Former MasterChef winners have rallied around the BBC series as it faces criticism for returning to screens, with the new episodes featuring sacked hosts Gregg Wallace and John Torode.
MasterChef champion Thomas Frake, who won the series in 2020, and Greek chef Irini Tzortzoglou, who was crowned in 2019, have both said they support the BBC’s decision to air the controversial episodes.
“The past few months have been very, very sad,” Tzortzoglou, who released the cookbook Under the Olive Tree and began hosting culinary retreats across Europe after her MasterChef success, told The Independent.
“If I had gone through all that – the highs and lows – then somebody said to me, ‘Well actually, we may not show the three months of your life when you spilled your blood and guts to see how far you could go,’ I’d be very unhappy. I’m very thrilled to see it on our screens.”
Frake, owner of The Silks pub in Marlborough, Wiltshire, credits his time on MasterChef with his subsequent success in the hospitality industry. The chef noted the programme is a “huge operation” and said pulling the series would have affected the livelihoods of both the contestants and production crew.
“They’re not just characters on a screen,” he said of this year’s cast. “They turned up, they cooked …[but] they’re not the champion until it goes out on TV.”

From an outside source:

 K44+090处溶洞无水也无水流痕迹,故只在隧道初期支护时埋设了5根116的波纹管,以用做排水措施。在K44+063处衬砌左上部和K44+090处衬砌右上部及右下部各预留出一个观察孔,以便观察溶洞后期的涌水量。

The BBC’s decision to air this year’s MasterChef faced opposition from the broadcast union Bectu and leading women’s rights organisation the Fawcett Society, who said broadcasting episodes featuring Torode and Wallace would distress the people who made complaints about the two men.
Wallace’s return to the BBC was deemed “untenable” this July when an investigation into historical misconduct upheld 45 of 83 allegations against the presenter, including claims of inappropriate sexual language and one incident of unwelcome physical contact.

Torode, who alongside Wallace had presented the programme since 2005, was sacked a day after the results of the investigation came out, as the same report upheld a complaint against him involving “an extremely offensive racist term”.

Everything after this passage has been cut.